Сама мифология Гражданской, сквозные её сюжеты, её поэтика созданы по большей части творцами, которых война задела только по касательной: Ильёй Сельвинским, Иосифом Уткиным, Михаилом Голодным, Владимиром Луговским, — либо не видевшими её вообще: Виссарионом Саяновым, Михаилом Исаковским, Ярославом Смеляковым, Борисом Корниловым.
Это относится и к эмигрантской поэзии.
Большинство эмигрантов тоже не служили — за исключением Николая Туроверова, Арсения Несмелова, Владимира Смоленского, Дмитрия Святополк-Мирского, Антонина Ладинского (впоследствии советского писателя). В пересчёте на двухмиллионную эмиграцию это почти статистическая погрешность; да и здесь перед нами имена не первого ряда — до 1917 года читающая публика их не знала. Это не Георгий Иванов, не Ходасевич, не Адамович.
Наконец, Николай Гумилёв, отличный офицер, которого отчего-то считают едва ли не символом белого сопротивления, Гражданскую войну проигнорировал и все эти годы деятельно взаимодействовал с разнообразными советскими ведомствами.

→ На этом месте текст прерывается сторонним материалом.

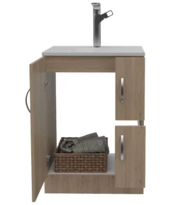 Mueble de baño con una puerta batiente, dos cajoens, amplios espacios de almacenamiento, incluye lavamanos en recina
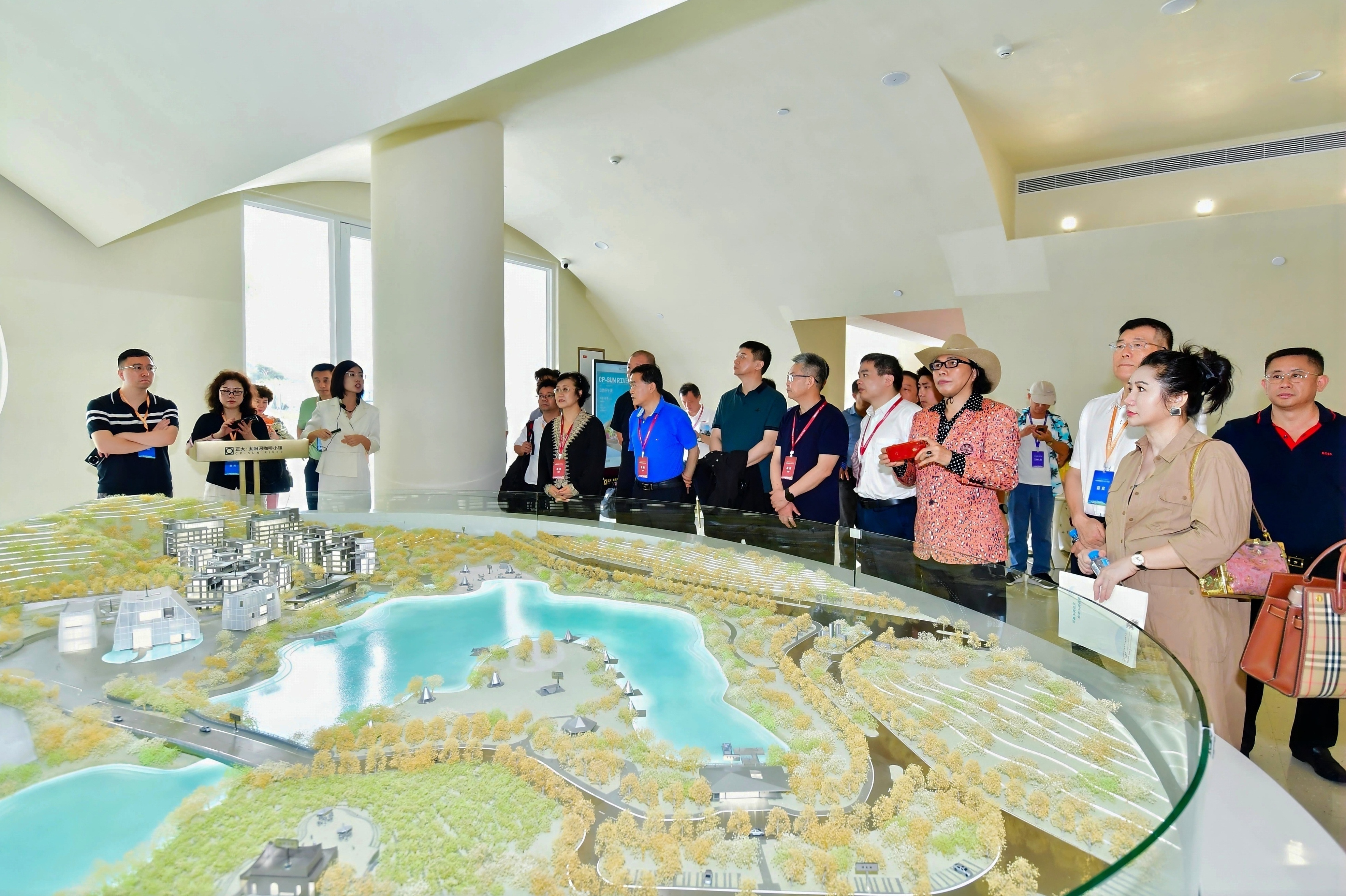 ▲代表團一行聽取正大・太陽河咖啡小鎮的規劃布局。
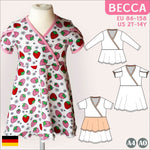 Das Modell „Becca“ ist tailliert geschnitten, hat ein Wickeloberteil und eine A-Linienform, die locker zum Saum hin ausläuft. Du kannst es als Kleid (knieumspielend oder 2-lagig) oder als hüftlanges Shirt nähen.
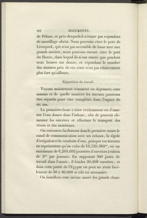On exécutera facilement dans la première année le canal de communication avec ses écluses, la rigole d’irrigation et la conduite d’eau, puisque ces travaux ne représentent qu’un cube de 12,539,384 mc , ou un maximum de 6,269,692 journées d’ouvriers à raison de 2 mc par journée. En supposant 300 jours de travail dans l’année, il faudra 20,898 ouvriers, et dans cette partie de l’Egypte on peut en avoir facilement de 30 à 40,000 si cela est nécessaire.
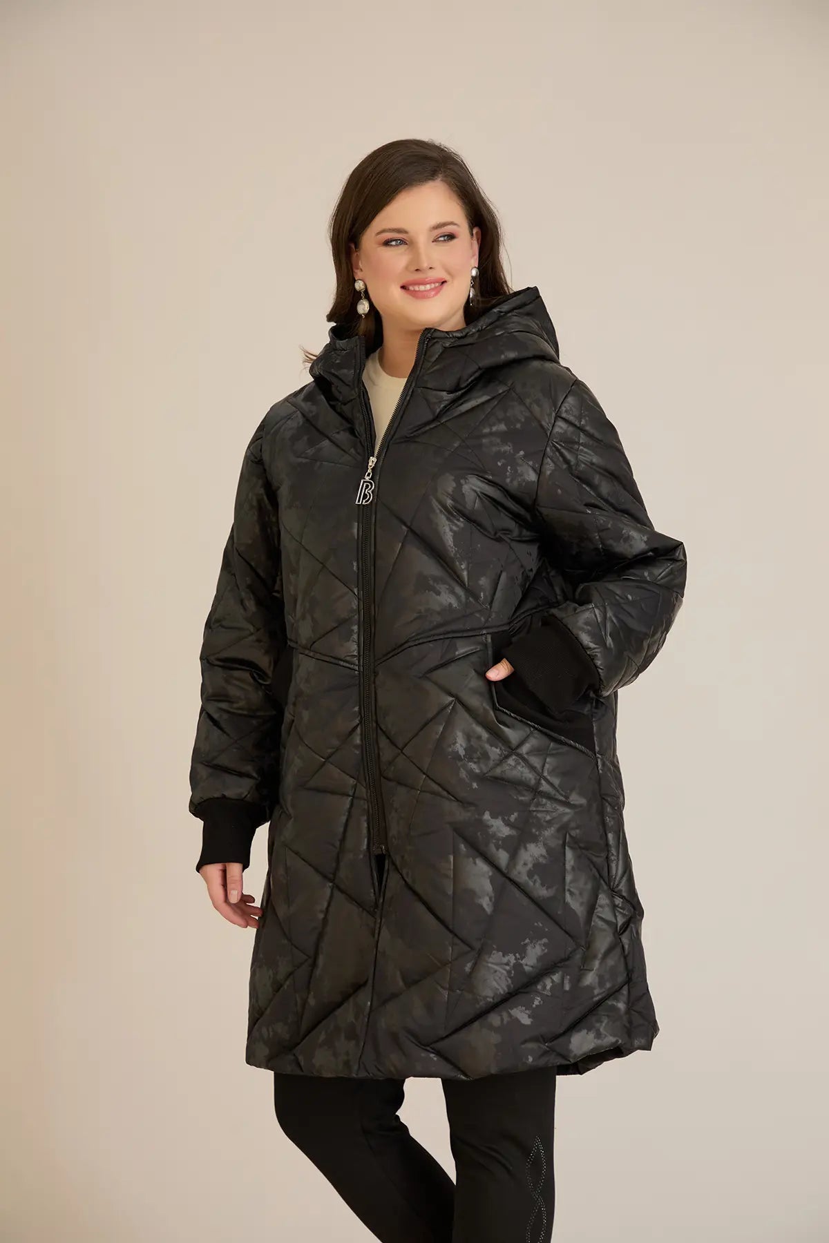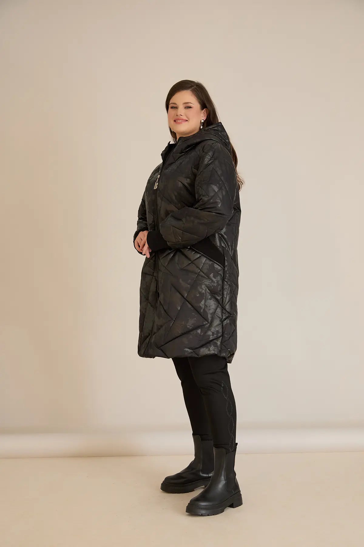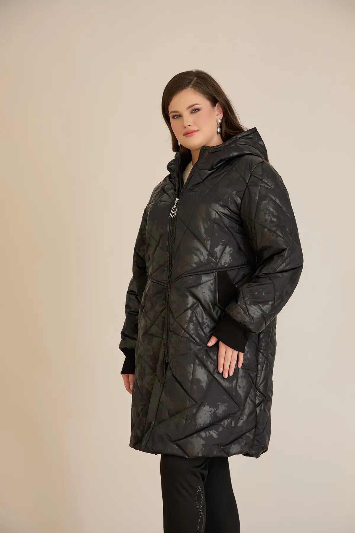 Μπουφάν καπιτονέ με κουκούλα σε Μαύρο χρώμα σε μεγάλα μεγέθη
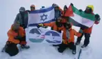 The joint Israeli and Palestinian team display flags of their countries atop The Mountain of Israeli-Palestinian Friendship
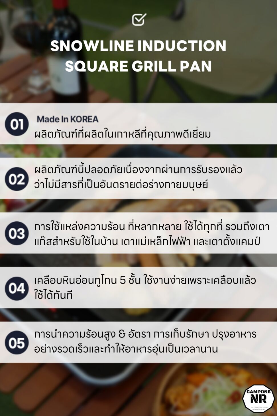 รายละเอียด : กระทะปิ้งย่างสี่เหลี่ยมตัวใหม่ล่าสุดจาก Snowline แบรนด์อุปกรณ์แคมป์ปิ้ง outdoor จากประเทศเกาหลี ที่สามารถใช้ได้กับเตาแทบทุกประเภท ผิวกระทะลายรังผึ้ง ถูกฝังอยู่บนผนังกระทะผ่านกระบวนการแกะสลักด้วยเทคโนโลยี แก้ปัญหาเรื่องการระบายน้ำมันและอาหารติดกระทะได้อย่างมีประสิทธิภาพ พร้อมเคลือบผิวมาถึง5ชั้น การเคลือบหินอ่อนเรซินฟลูออรีนแบบไม่ติด 5 ชั้นช่วยให้ใช้งานได้ทันที และทำความสะอาดง่ายเนื่องจากอาหารไม่ติดกระทะ
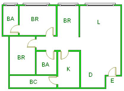 ▲ E(入口)=entrance BR (洋室)=Bedroom BA (浴室)=Bathroom
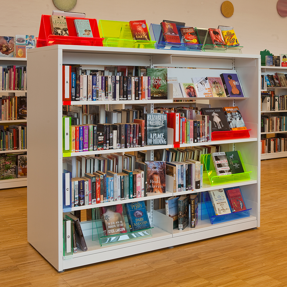 Holderen kan placeres overalt for at udstille bøger, tidsskrifter og brochurer på den praktiske forkant. “Lufthullet” kan også bruges til foldere og information.
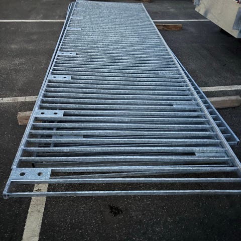Galvaniserede metalrækværk / hegnselementer i stål. Består af flere sektioner med lodrette tremmer og enkelte skråtstillede tremmer. Egnet til brug som afskærmning, gelænder eller hegn omkring fx trapper, terrasser eller arealer udendørs. Fremstillet i galvaniseret stål, som er velegnet til udendørs brug. Mål på de enkelte sektioner kan tages ved interesse.
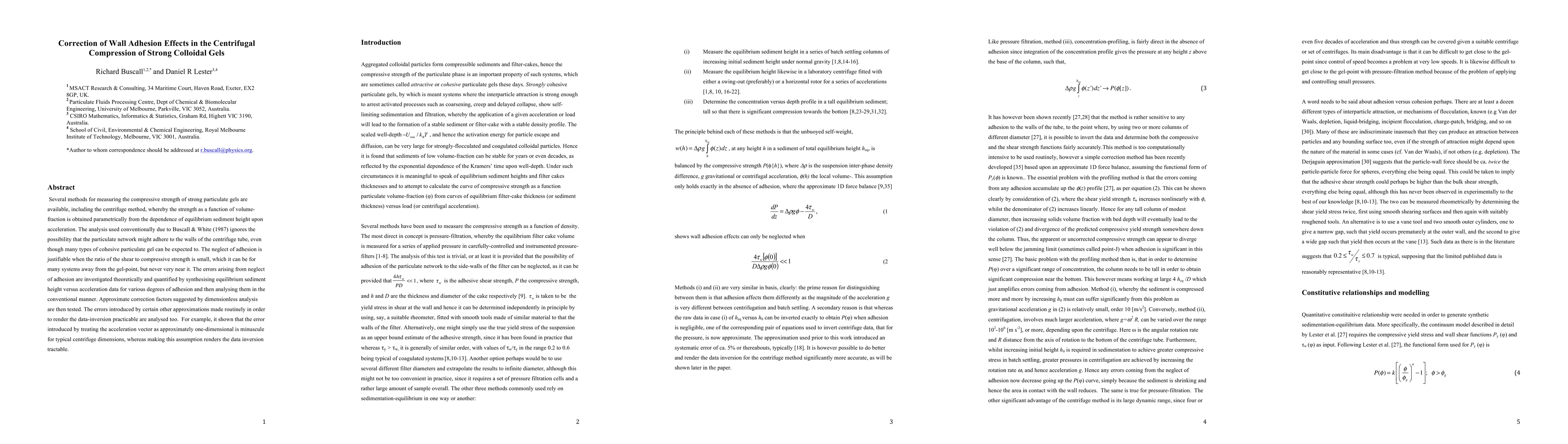 This paper investigates the errors in measuring the compressive strength of strong colloidal gels using the centrifuge method, particularly due to wall adhesion. It proposes correction factors to account for adhesion effects and analyzes the impact of other common approximations, finding that the one-dimensional acceleration assumption is nearly accurate for practical centrifuge dimensions.

Убит он был уже после Гражданской, что делает историю его чудовищной смерти несколько абсурдной: зачем надо было пытаться восстанавливать монархию в 1921 году, когда была возможность воевать за это три года подряд?
Русская поэзия, как и русская литература в целом, на Гражданскую по большей части не явилась.
Зато Блюмкина в сентябре переправили на Южный фронт для диверсионной работы в тылу Белой армии, а Георгий Устинов по партийному приказу отбыл на работу в объятую войной Сибирь. Провожали его всей имажинистской компанией. Устинов запомнил, что напоили его молодые друзья до полувменяемого состояния; проснулся уже в пути, со страшной головной болью — и, о чудо — обнаружил в кармане пальто бутылку спирта: Серёжа позаботился.
Таков был посильный вклад Есенина в борьбу с контрреволюцией.
В сентябре в гости наведался отец Есенина Александр Никитич.
Мать направила: от сына не было никаких весточек, да и жили впроголодь; может, Сергей чем поможет.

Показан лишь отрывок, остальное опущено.